- Directions:
Without including any picture, repeat the records below exactly.

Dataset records
================
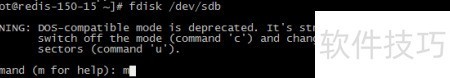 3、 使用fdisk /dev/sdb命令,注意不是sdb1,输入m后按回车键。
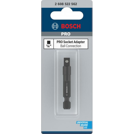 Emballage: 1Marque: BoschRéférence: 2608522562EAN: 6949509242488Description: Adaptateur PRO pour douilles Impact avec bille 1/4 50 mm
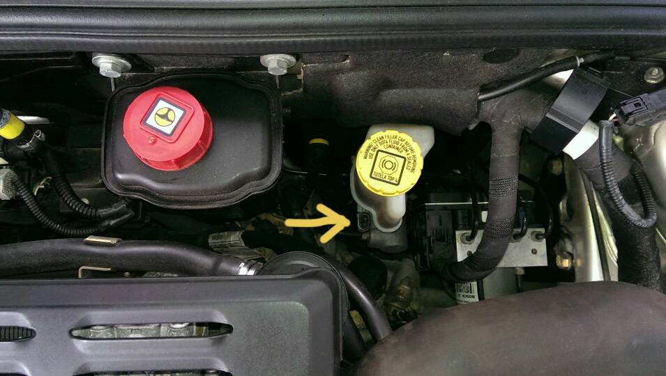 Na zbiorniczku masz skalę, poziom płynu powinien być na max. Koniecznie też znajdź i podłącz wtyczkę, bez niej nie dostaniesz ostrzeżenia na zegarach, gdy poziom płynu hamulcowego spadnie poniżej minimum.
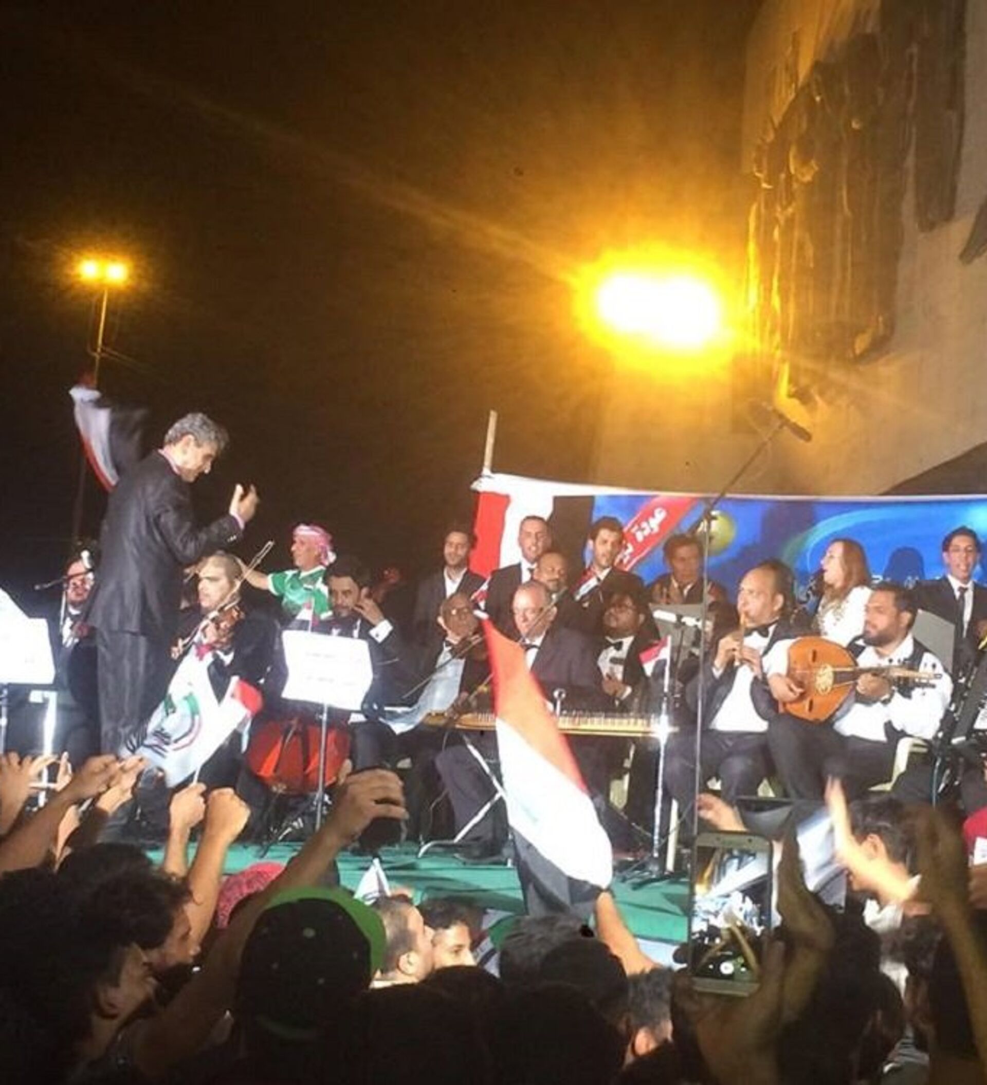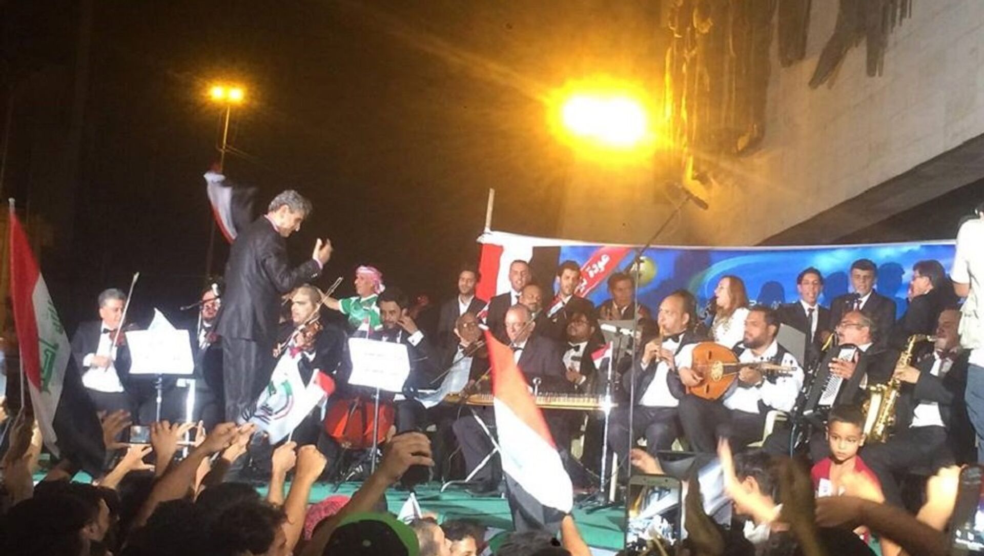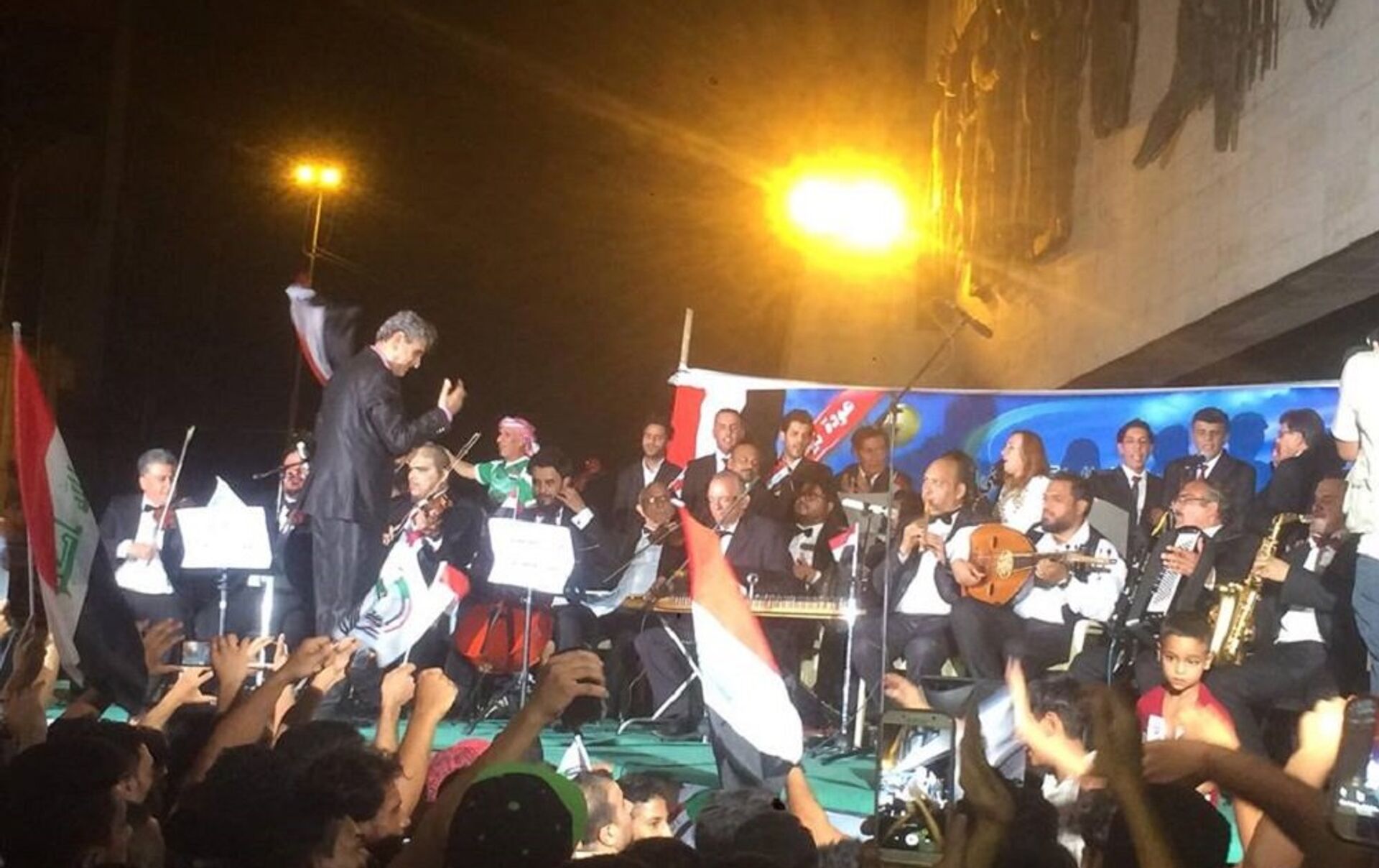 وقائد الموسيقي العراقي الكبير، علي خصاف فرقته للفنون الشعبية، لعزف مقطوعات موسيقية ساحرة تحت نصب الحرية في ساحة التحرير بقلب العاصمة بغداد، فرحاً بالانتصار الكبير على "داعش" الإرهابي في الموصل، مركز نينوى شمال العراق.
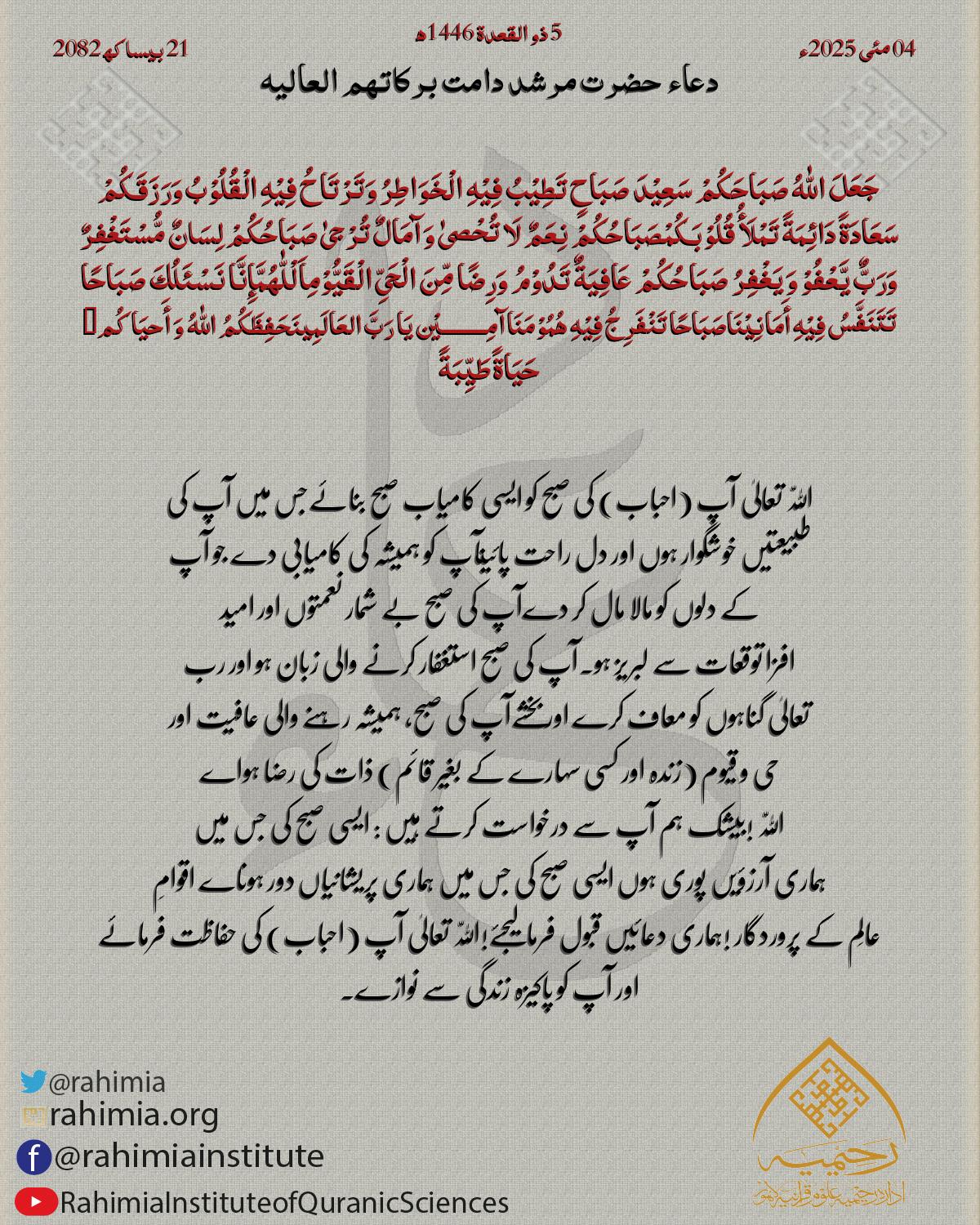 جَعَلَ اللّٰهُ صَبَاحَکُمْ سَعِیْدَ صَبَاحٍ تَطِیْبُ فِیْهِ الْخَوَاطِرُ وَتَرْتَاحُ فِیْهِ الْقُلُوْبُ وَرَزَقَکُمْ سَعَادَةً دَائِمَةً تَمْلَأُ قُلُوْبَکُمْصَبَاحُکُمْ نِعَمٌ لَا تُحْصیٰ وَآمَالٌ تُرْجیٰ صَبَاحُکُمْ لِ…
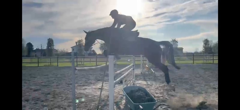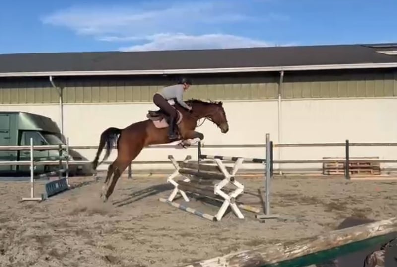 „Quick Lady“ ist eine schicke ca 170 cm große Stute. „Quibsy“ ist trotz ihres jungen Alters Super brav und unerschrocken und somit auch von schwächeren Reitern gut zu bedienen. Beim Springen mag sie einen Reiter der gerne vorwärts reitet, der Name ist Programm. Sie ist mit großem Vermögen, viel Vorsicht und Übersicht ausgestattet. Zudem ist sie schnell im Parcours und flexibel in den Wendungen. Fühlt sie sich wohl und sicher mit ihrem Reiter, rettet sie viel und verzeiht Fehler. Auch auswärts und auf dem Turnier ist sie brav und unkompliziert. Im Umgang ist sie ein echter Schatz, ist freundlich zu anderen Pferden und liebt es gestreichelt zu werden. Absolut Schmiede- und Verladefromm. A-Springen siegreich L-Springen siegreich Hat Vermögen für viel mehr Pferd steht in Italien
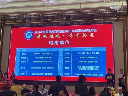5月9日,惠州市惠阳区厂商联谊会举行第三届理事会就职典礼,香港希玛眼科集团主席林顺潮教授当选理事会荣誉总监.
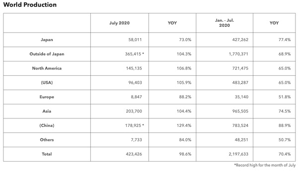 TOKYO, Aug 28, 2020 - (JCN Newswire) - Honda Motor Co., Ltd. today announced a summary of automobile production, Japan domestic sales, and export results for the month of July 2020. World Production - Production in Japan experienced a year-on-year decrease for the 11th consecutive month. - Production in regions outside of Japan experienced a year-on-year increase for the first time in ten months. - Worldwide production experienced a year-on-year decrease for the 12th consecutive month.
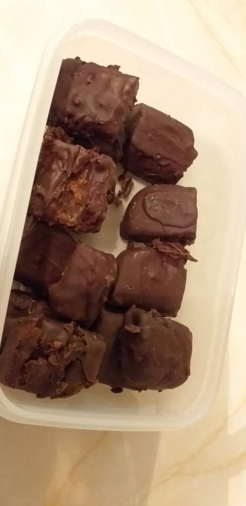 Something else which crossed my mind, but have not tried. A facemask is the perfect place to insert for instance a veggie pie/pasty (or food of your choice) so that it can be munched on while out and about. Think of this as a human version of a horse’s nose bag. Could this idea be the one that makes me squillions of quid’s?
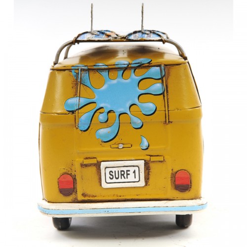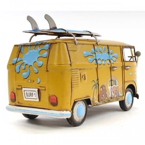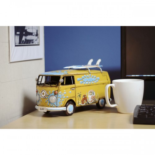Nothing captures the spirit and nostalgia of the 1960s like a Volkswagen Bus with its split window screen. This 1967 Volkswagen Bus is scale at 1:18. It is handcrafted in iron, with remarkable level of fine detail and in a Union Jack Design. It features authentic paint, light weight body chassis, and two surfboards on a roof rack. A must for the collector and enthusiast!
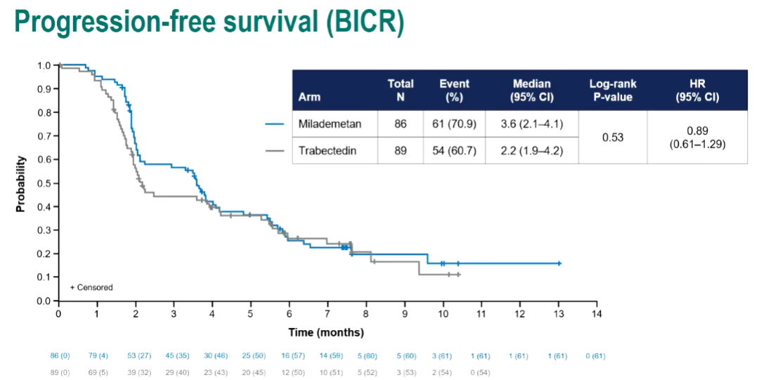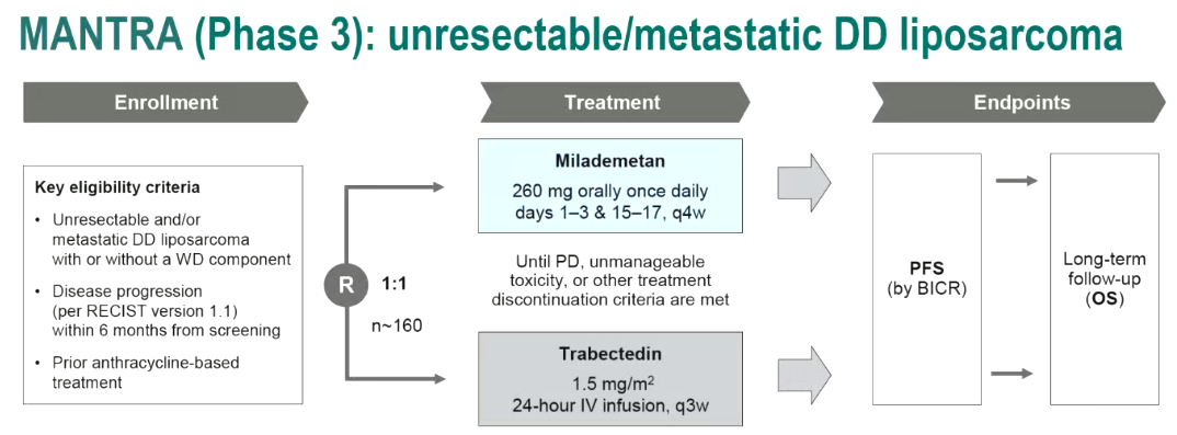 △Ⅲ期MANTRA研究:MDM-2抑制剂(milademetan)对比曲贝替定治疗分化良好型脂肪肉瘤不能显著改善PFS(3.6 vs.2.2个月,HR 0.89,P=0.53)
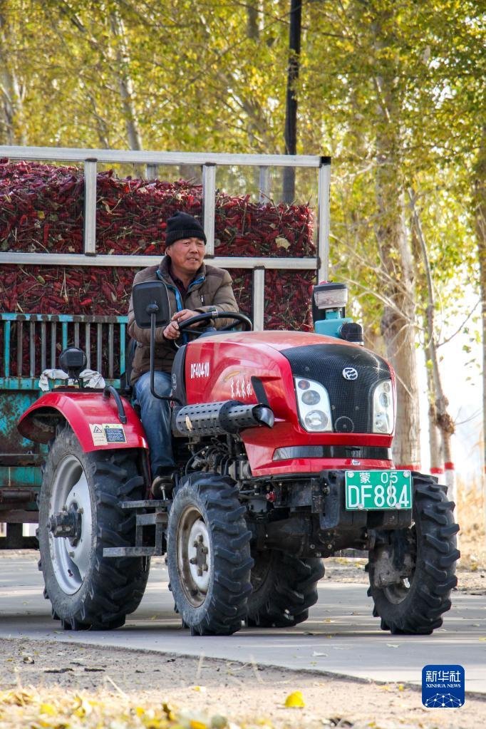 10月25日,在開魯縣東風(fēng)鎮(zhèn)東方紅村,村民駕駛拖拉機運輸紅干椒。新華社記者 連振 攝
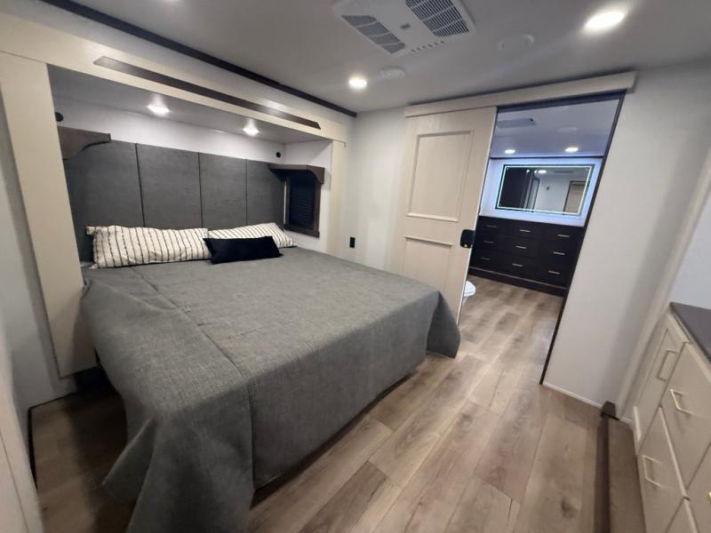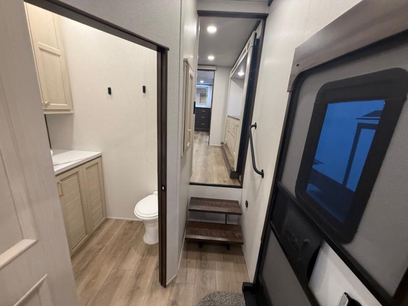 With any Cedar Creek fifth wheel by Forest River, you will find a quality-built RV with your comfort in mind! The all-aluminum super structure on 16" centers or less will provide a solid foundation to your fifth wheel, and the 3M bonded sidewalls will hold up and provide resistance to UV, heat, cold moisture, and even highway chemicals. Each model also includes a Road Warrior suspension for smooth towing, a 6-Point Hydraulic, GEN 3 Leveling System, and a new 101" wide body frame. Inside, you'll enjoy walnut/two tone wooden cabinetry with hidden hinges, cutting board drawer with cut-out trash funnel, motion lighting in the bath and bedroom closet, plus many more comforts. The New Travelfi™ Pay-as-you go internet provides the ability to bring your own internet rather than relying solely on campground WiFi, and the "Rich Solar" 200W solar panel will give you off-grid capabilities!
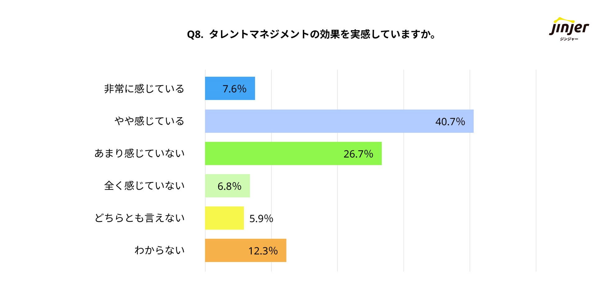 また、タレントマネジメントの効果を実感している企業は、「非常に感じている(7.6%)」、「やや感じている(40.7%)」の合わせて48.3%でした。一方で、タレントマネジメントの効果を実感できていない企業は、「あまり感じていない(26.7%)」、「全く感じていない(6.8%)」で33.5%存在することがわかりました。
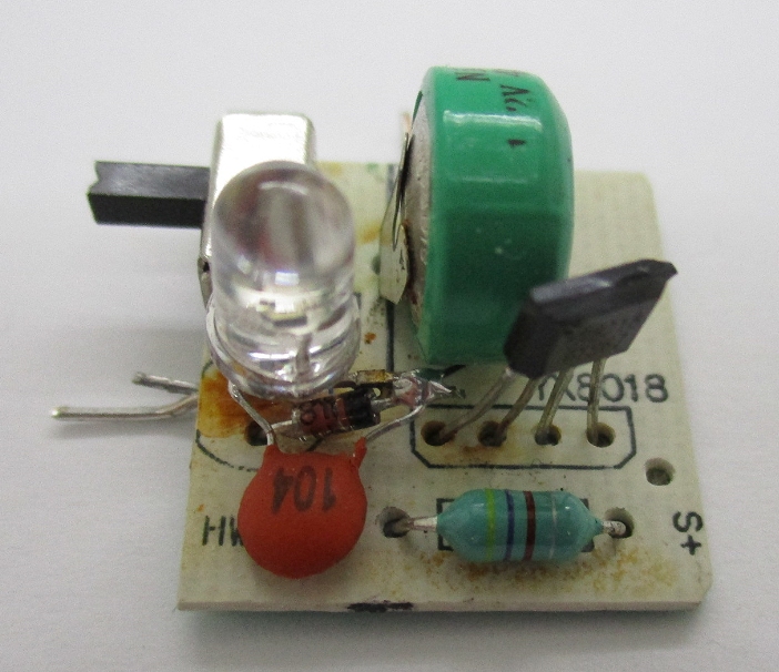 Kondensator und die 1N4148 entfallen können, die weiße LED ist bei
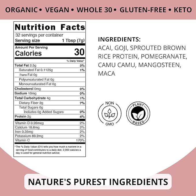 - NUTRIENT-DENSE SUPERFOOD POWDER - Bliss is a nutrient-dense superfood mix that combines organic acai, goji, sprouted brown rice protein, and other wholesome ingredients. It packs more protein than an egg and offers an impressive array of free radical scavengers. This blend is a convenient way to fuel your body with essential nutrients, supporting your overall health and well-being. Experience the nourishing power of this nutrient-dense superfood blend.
================
- Your response:
 3、 使用fdisk /dev/sdb命令,注意不是sdb1,输入m后按回车键。
 Emballage: 1Marque: BoschRéférence: 2608522562EAN: 6949509242488Description: Adaptateur PRO pour douilles Impact avec bille 1/4 50 mm
 Na zbiorniczku masz skalę, poziom płynu powinien być na max. Koniecznie też znajdź i podłącz wtyczkę, bez niej nie dostaniesz ostrzeżenia na zegarach, gdy poziom płynu hamulcowego spadnie poniżej minimum.
 وقائد الموسيقي العراقي الكبير، علي خصاف فرقته للفنون الشعبية، لعزف مقطوعات موسيقية ساحرة تحت نصب الحرية في ساحة التحرير بقلب العاصمة بغداد، فرحاً بالانتصار الكبير على "داعش" الإرهابي في الموصل، مركز نينوى شمال العراق.
 جَعَلَ اللّٰهُ صَبَاحَکُمْ سَعِیْدَ صَبَاحٍ تَطِیْبُ فِیْهِ الْخَوَاطِرُ وَتَرْتَاحُ فِیْهِ الْقُلُوْبُ وَرَزَقَکُمْ سَعَادَةً دَائِمَةً تَمْلَأُ قُلُوْبَکُمْصَبَاحُکُمْ نِعَمٌ لَا تُحْصیٰ وَآمَالٌ تُرْجیٰ صَبَاحُکُمْ لِ…
 „Quick Lady“ ist eine schicke ca 170 cm große Stute. „Quibsy“ ist trotz ihres jungen Alters Super brav und unerschrocken und somit auch von schwächeren Reitern gut zu bedienen. Beim Springen mag sie einen Reiter der gerne vorwärts reitet, der Name ist Programm. Sie ist mit großem Vermögen, viel Vorsicht und Übersicht ausgestattet. Zudem ist sie schnell im Parcours und flexibel in den Wendungen. Fühlt sie sich wohl und sicher mit ihrem Reiter, rettet sie viel und verzeiht Fehler. Auch auswärts und auf dem Turnier ist sie brav und unkompliziert. Im Umgang ist sie ein echter Schatz, ist freundlich zu anderen Pferden und liebt es gestreichelt zu werden. Absolut Schmiede- und Verladefromm. A-Springen siegreich L-Springen siegreich Hat Vermögen für viel mehr Pferd steht in Italien
5月9日,惠州市惠阳区厂商联谊会举行第三届理事会就职典礼,香港希玛眼科集团主席林顺潮教授当选理事会荣誉总监.
 TOKYO, Aug 28, 2020 - (JCN Newswire) - Honda Motor Co., Ltd. today announced a summary of automobile production, Japan domestic sales, and export results for the month of July 2020. World Production - Production in Japan experienced a year-on-year decrease for the 11th consecutive month. - Production in regions outside of Japan experienced a year-on-year increase for the first time in ten months. - Worldwide production experienced a year-on-year decrease for the 12th consecutive month.
 Something else which crossed my mind, but have not tried. A facemask is the perfect place to insert for instance a veggie pie/pasty (or food of your choice) so that it can be munched on while out and about. Think of this as a human version of a horse’s nose bag. Could this idea be the one that makes me squillions of quid’s?
Nothing captures the spirit and nostalgia of the 1960s like a Volkswagen Bus with its split window screen. This 1967 Volkswagen Bus is scale at 1:18. It is handcrafted in iron, with remarkable level of fine detail and in a Union Jack Design. It features authentic paint, light weight body chassis, and two surfboards on a roof rack. A must for the collector and enthusiast!
 △Ⅲ期MANTRA研究:MDM-2抑制剂(milademetan)对比曲贝替定治疗分化良好型脂肪肉瘤不能显著改善PFS(3.6 vs.2.2个月,HR 0.89,P=0.53)
 10月25日,在開魯縣東風(fēng)鎮(zhèn)東方紅村,村民駕駛拖拉機運輸紅干椒。新華社記者 連振 攝
 With any Cedar Creek fifth wheel by Forest River, you will find a quality-built RV with your comfort in mind! The all-aluminum super structure on 16" centers or less will provide a solid foundation to your fifth wheel, and the 3M bonded sidewalls will hold up and provide resistance to UV, heat, cold moisture, and even highway chemicals. Each model also includes a Road Warrior suspension for smooth towing, a 6-Point Hydraulic, GEN 3 Leveling System, and a new 101" wide body frame. Inside, you'll enjoy walnut/two tone wooden cabinetry with hidden hinges, cutting board drawer with cut-out trash funnel, motion lighting in the bath and bedroom closet, plus many more comforts. The New Travelfi™ Pay-as-you go internet provides the ability to bring your own internet rather than relying solely on campground WiFi, and the "Rich Solar" 200W solar panel will give you off-grid capabilities!
 また、タレントマネジメントの効果を実感している企業は、「非常に感じている(7.6%)」、「やや感じている(40.7%)」の合わせて48.3%でした。一方で、タレントマネジメントの効果を実感できていない企業は、「あまり感じていない(26.7%)」、「全く感じていない(6.8%)」で33.5%存在することがわかりました。
 Kondensator und die 1N4148 entfallen können, die weiße LED ist bei
 - NUTRIENT-DENSE SUPERFOOD POWDER - Bliss is a nutrient-dense superfood mix that combines organic acai, goji, sprouted brown rice protein, and other wholesome ingredients. It packs more protein than an egg and offers an impressive array of free radical scavengers. This blend is a convenient way to fuel your body with essential nutrients, supporting your overall health and well-being. Experience the nourishing power of this nutrient-dense superfood blend.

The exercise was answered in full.